Marketing to meeting attendees

An increasing number of hotels have also begun marketing to meeting and convention attendees, promoting a range of leisure-based incentives and discounts.

Several chains are incentivizing pre-stays and post-stays by offering group rates three days before and after an event. In the case of Destination Hotels, employees are actively encouraged to promote the same negotiated rate to business travelers for extended stays.

Certain hotels are also exploiting the fact that a large section of business travelers aren’t checking-in alone—more than 50% bring family members or a significant other with them.

Universal Orlando Resort in Florida is doing a great job of marketing to this demographic, offering a range of family-friendly extras, such as afternoon discounts at Universal Studios, and early admission to their Wizarding World of Harry Potter attraction.

The Wizarding World of Harry Potter - Diagon Alley at Universal Orlando Resort.
After the conference, head out on the Hogwarts Express.

Of course, not all properties can lay claim to such major family attractions. But there are plenty of other incentives that could be marketed, from providing discounts on popular city attractions, and booking sightseeing tours, to creating travel itineraries to help families plan their leisure time during a trip.

A personalized approach

Of course, hotels could go further still by personalizing leisure options to business travelers during pre-arrival communication.

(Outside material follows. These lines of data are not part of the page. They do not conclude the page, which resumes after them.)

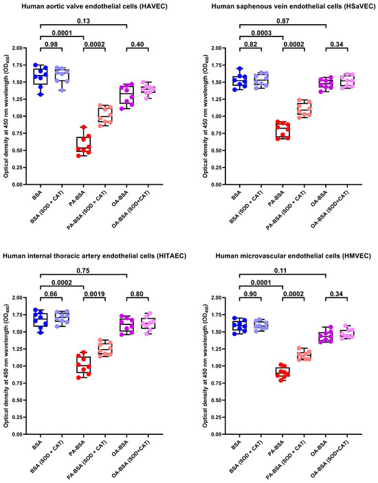 Superoxide dismutase (SOD, 250 U/mL) and catalase (CAT, 500 U/mL) rescue endothelial cells (ECs) from palmitic acid (PA)-induced death. Microplate colorimetric analysis of proliferation and viability (WST-8 assay) of primary human aortic valve endothelial cells (HAVEC), human saphenous vein endothelial cells (HSaVEC), human internal thoracic artery endothelial cells (HITAEC), and human microvascular endothelial cells (HMVEC) incubated with control fatty acid-free bovine serum albumin (BSA), conjugates of palmitic acid (PA) with a fatty acid-free BSA (PA-BSA, 0.8 mmol/L), or conjugates of oleic acid (OA) with a fatty acid-free BSA (OA-BSA, 0.8 mmol/L) for 24 h. Each dot on the plots represents an arithmetic mean of eight replicates (i.e., 8 wells of a 96-well plate). Box-and-whisker plot. Whiskers indicate the range, box bounds indicate the 25th–75th percentiles, and center lines indicate the median. p-Values are provided above boxes. The Mann–Whitney U-test was used to analyze the pairwise comparisons with and without superoxide dismutase and catalase treatment, and the Kruskal–Wallis test with subsequent Dunn’s multiple comparisons test were used for analyzing the comparisons of BSA with PA-BSA and OA-BSA.
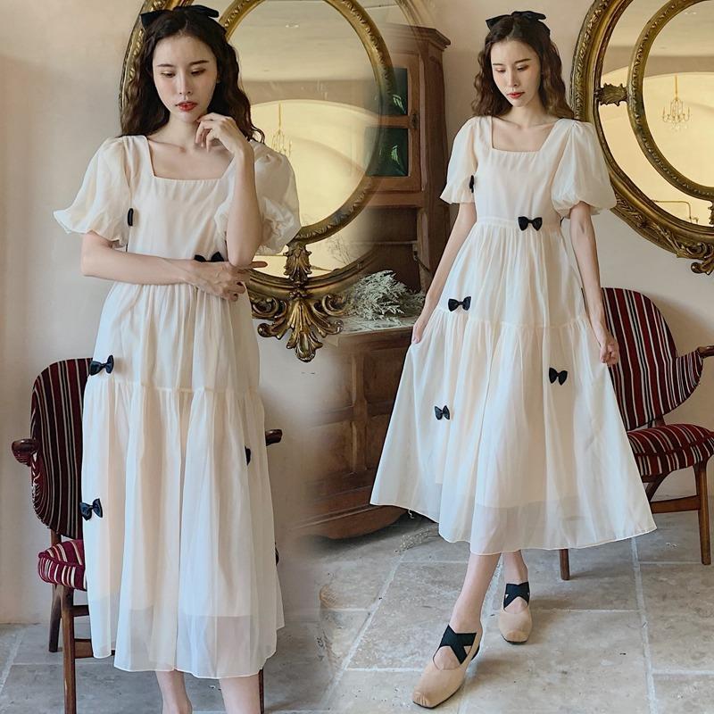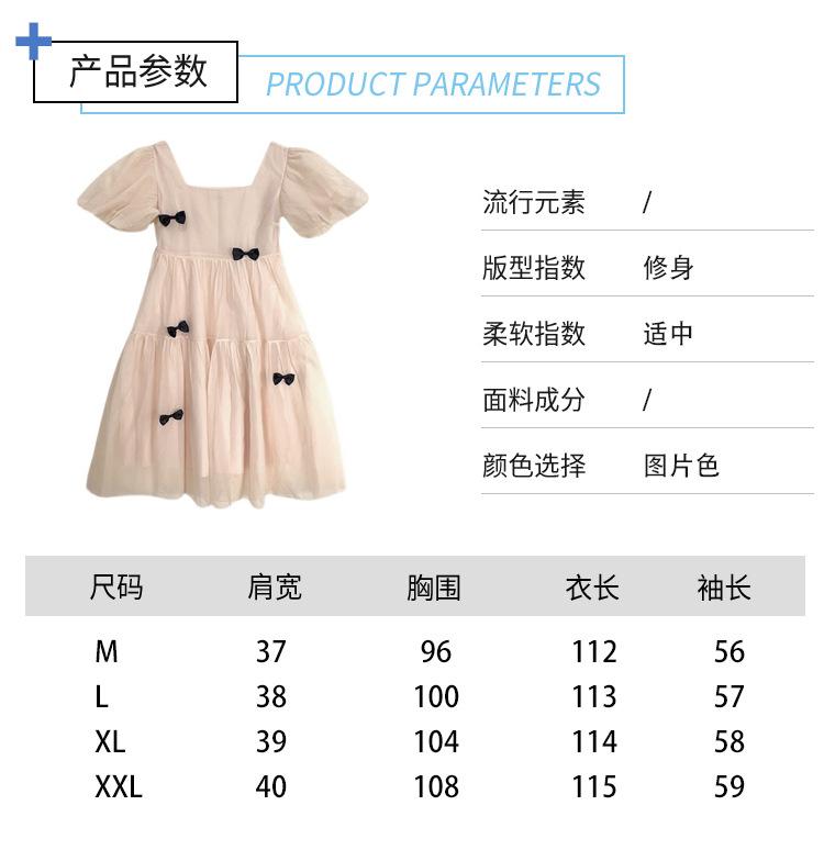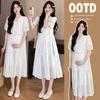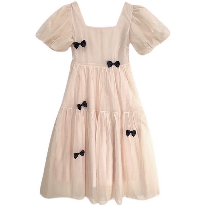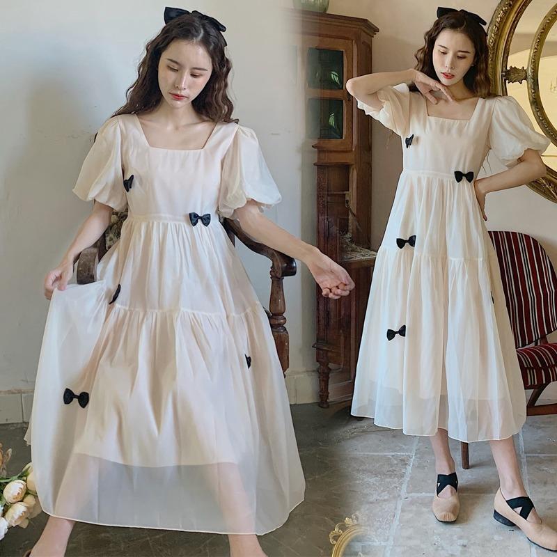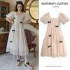 Ropa de Maternidad 2025 Verano Nuevo Dulce Malla Cuello Cuadrado Lazo Mangas Abullonadas Suelto Talla Grande Vestido de Maternidad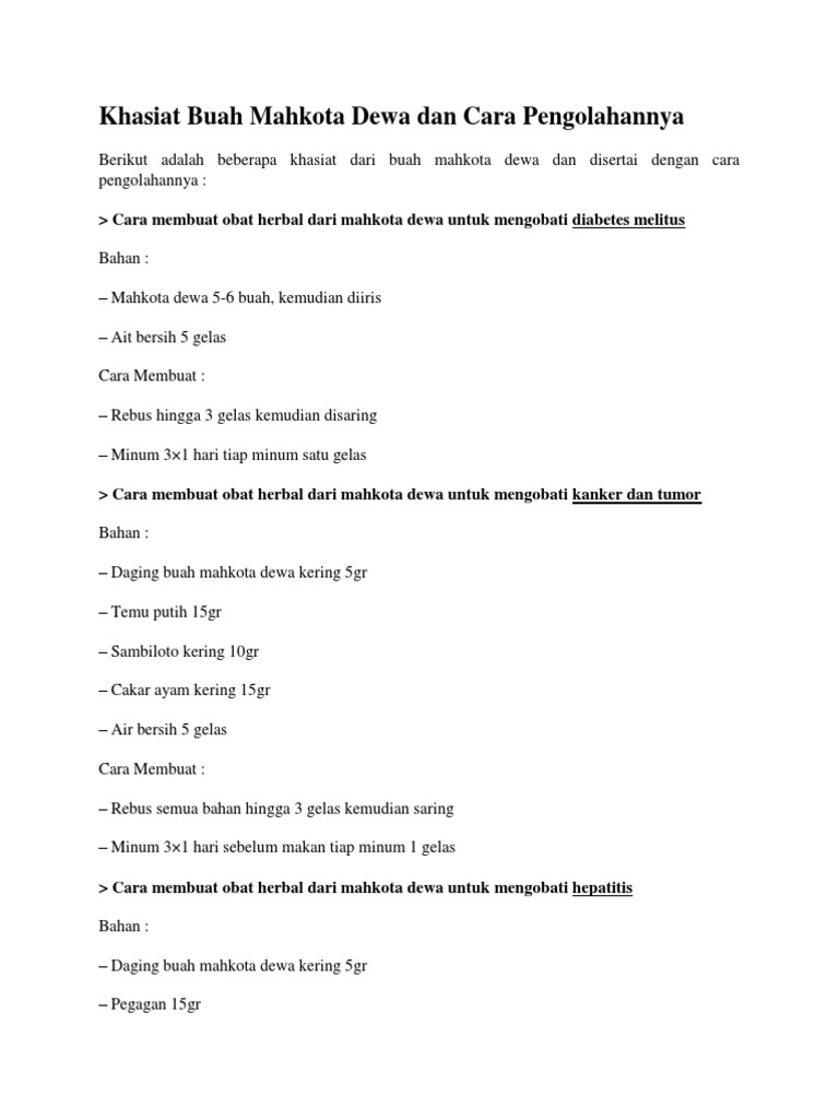 Lalu apa saja manfaat dan khasiat buah mahkota dewa ini, berikut ini informasinya. Cara mengolah mahkota dewa bagia dewa bagian n batang cukup sederhana. Sekilas info tentang mahkota dewa. Buahnya memiliki diameter maksimal 5 cm. Untuk cara mengolah buah mahkota dewa yang disarankan adalah dikeringkan terlebih dahulu.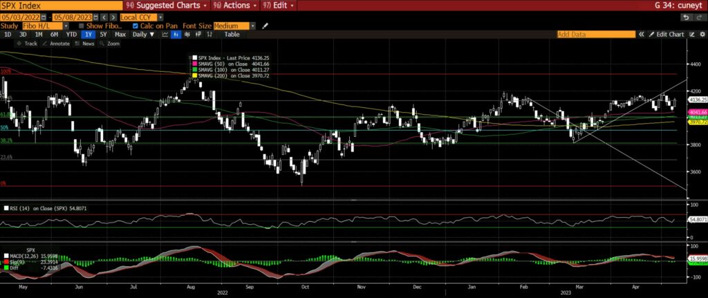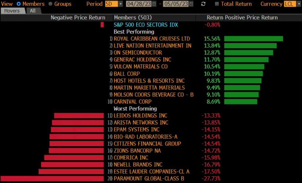 Beklentiler dahilinde gerçekleştirilen 25 baz puanlık faiz arttırımı ardından beklemeye geçen FED’e rağmen, Powell’ın şahin tondaki açıklamaları ve ekonomik verilerdeki yukarı yönlü sürprizler endekslerde destek seviyelerine doğru kar realizasyonlarını tetiklemeye yetti. Ancak, Apple (AAPL) bir kez daha endekslerdeki liderlik rolünü Perşembe günkü seans kapanışı ardından gerçekleştirdiği bilanço açıklamasıyla geri kazandı. Tedarik zincirinde yaşanan aksaklıkların azalmasıyla kuvvetli iPhone satışlarının desteklediği ilk çeyrek bilançosunda, 90 milyarlık hisse geri alım programı açıklayan ve temettü oranını 4% arttıran Apple’ın +4.7% değer kazandığı Cuma günkü kapanışı S&P 500 haftalık bazda -0.8% düşüşle kapatırken, Nasdaq ise bir önceki hafta kapanış seviyesini korumayı başardı. Sektörel bazda artan resesyon beklentileri ve FED’in şahin bekleme kararı ardından 2023 yılı dip seviyelerine ulaşan petrol fiyatlarına paralel enerji sektörü baskı altında kalırken, Apple’ın önderliğinde teknoloji sektörü geçtiğimiz haftanın pozitif ayrışan sektörü oldu. Şirket bazlı hareketlerde de bilanço açıklamalarının etkisi görülürken, COVID döneminde en fazla yara alan sektörlerinin başında gelen cruise şirketlerinden Royal Caribbean (RCL) seyahat talebinde yaşanmakta olan artışa paralel 2023 yıl sonu hisse başı karlılık beklentisini 50% oranda arttırmasıyla haftayı 15.5% yükselişle sonlandırdı. S&P 500’de haftanın kaybedeni ise medya sektöründen Paramount Global (PARA) olurken, beklentilerin altındaki ilk çeyrek rakamlarına ek olarak likidite yönetimi paralelinde temettü oranını 80% düşürdüğünü açıklayan Paramount -27.7% değer kaybetti. Son dönemin gündemde öne çıkan bölgesel bankalarında da geçtiğimiz hafta hareketlilik devam ederken, domino taşlarında sıradaki adaylar olarak öne çıkan PacWest (PACW) haftayı -43% düşüşle sonlandırırken, Western Alliance (WAL) ise Cuma günkü tepkiye rağmen -26.8% geriledi.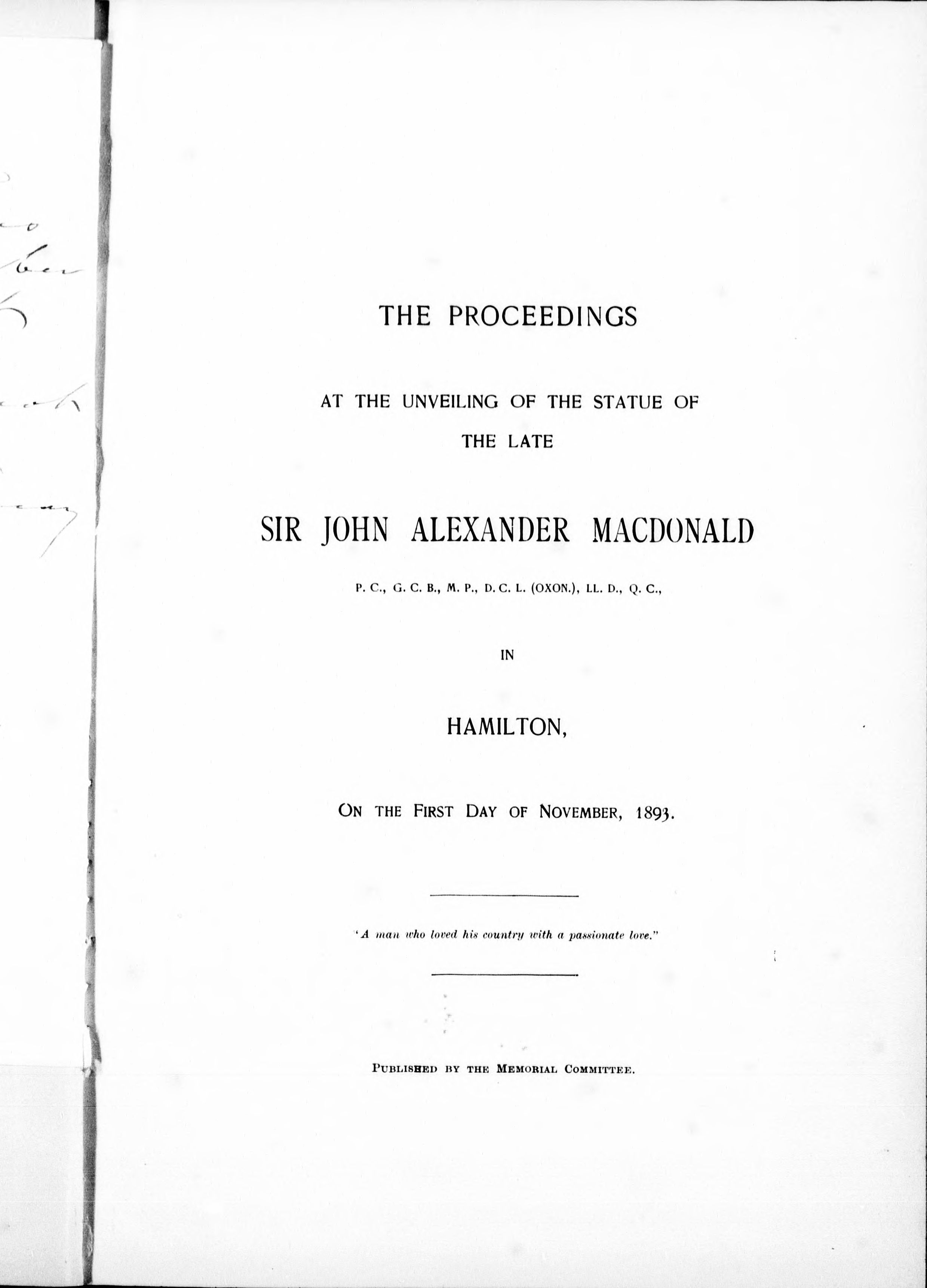 The proceedings at the unveiling of the statue of the late Sir John Alexander Macdonald, P.C., G.C.B., M.P., D.C.L., (Oxon.), LL.D., Q.C., in Hamilton, on the first day of November, 1893.

Acquiring detailed guest information before a stay would mean specific interests could be catered for.
Based on this information, a hotel might offer to reserve concert tickets for a music fan, or book a table at a top restaurant for a food lover. If a guest expressed a desire to relax between meetings, discounts on spa or massage treatments might be more appealing.

By gaining an in-depth understanding of guests, marketing leisure facilities and providing ways to enjoy time in a destination, hotels stand a greater chance of attracting business travelers looking to enjoy free time beyond their hours of work.